**Input material**
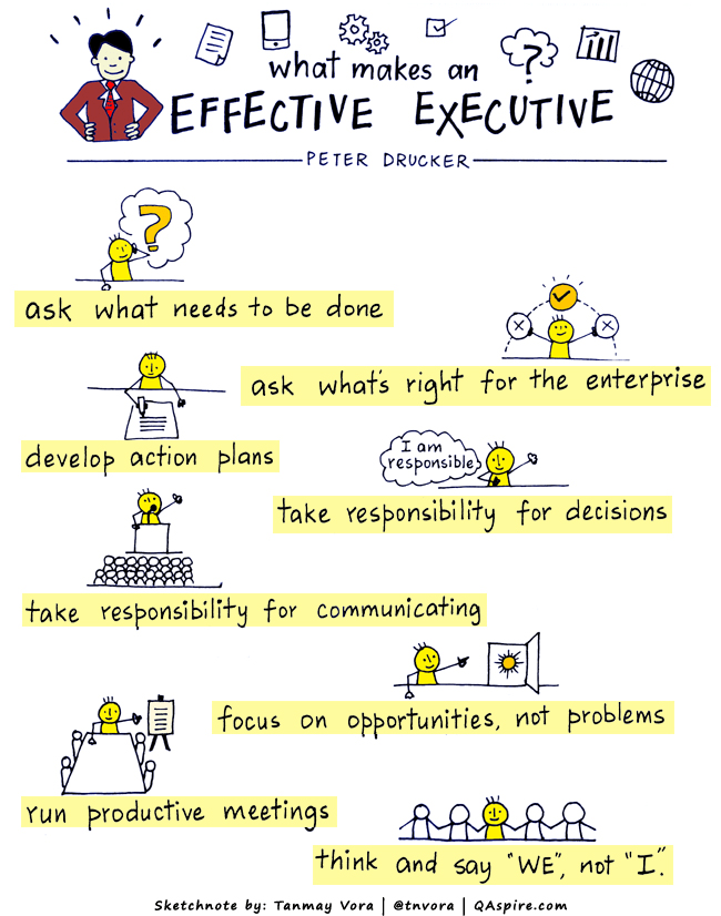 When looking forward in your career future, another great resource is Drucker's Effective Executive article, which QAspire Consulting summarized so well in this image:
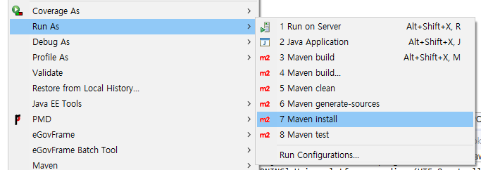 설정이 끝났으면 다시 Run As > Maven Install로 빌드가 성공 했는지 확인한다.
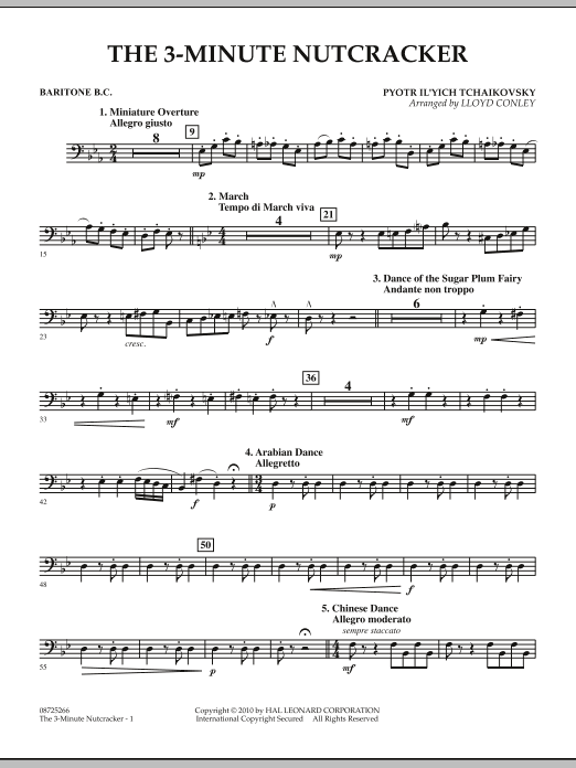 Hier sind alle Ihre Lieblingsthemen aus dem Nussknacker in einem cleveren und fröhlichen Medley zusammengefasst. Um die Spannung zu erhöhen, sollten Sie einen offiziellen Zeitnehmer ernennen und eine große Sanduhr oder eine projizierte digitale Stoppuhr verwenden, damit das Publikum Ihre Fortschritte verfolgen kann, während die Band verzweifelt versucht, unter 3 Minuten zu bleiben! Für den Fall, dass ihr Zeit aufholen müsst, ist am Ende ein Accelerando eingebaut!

---

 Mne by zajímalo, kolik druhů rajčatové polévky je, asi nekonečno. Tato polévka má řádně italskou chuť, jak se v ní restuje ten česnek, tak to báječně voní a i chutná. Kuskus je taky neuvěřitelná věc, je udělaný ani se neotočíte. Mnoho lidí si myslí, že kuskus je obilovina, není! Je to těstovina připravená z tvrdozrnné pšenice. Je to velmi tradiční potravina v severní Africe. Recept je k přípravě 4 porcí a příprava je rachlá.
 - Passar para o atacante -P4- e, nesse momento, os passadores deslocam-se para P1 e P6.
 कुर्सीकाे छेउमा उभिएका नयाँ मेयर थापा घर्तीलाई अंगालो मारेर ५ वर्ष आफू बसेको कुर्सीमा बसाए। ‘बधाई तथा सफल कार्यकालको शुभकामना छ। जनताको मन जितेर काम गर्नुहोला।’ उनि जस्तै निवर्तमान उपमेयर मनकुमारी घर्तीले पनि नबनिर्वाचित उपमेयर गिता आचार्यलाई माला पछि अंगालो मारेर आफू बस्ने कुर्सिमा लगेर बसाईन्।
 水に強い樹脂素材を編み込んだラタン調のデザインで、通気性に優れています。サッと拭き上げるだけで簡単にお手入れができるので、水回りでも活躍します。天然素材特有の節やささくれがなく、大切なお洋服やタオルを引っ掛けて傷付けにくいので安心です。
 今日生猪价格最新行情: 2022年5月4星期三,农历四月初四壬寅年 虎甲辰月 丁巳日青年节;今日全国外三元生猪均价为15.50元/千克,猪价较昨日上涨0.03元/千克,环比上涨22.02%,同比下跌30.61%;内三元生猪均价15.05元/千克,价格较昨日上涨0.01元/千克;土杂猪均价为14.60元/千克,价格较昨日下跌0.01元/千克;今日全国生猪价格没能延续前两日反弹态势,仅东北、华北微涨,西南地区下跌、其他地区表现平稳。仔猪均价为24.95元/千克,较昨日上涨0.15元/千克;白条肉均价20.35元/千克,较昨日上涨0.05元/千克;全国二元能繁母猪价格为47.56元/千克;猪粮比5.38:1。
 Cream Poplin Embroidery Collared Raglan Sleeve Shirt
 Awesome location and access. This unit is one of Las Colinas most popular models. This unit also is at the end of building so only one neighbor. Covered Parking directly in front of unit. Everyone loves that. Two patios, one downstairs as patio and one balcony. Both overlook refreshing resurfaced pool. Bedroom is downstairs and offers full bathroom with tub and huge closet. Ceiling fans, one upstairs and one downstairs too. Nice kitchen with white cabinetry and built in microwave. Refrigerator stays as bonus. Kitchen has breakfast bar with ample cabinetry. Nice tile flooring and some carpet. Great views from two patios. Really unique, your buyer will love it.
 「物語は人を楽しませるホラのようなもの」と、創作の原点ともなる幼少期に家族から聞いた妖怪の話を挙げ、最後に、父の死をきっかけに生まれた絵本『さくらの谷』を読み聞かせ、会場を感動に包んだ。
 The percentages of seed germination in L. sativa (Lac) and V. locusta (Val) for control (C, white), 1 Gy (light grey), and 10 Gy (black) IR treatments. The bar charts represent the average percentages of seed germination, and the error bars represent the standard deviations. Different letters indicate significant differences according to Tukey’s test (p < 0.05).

**To do**
From the entries, report each line that includes the word "white".

**Exercise answer**
 Awesome location and access. This unit is one of Las Colinas most popular models. This unit also is at the end of building so only one neighbor. Covered Parking directly in front of unit. Everyone loves that. Two patios, one downstairs as patio and one balcony. Both overlook refreshing resurfaced pool. Bedroom is downstairs and offers full bathroom with tub and huge closet. Ceiling fans, one upstairs and one downstairs too. Nice kitchen with white cabinetry and built in microwave. Refrigerator stays as bonus. Kitchen has breakfast bar with ample cabinetry. Nice tile flooring and some carpet. Great views from two patios. Really unique, your buyer will love it.
 The percentages of seed germination in L. sativa (Lac) and V. locusta (Val) for control (C, white), 1 Gy (light grey), and 10 Gy (black) IR treatments. The bar charts represent the average percentages of seed germination, and the error bars represent the standard deviations. Different letters indicate significant differences according to Tukey’s test (p < 0.05).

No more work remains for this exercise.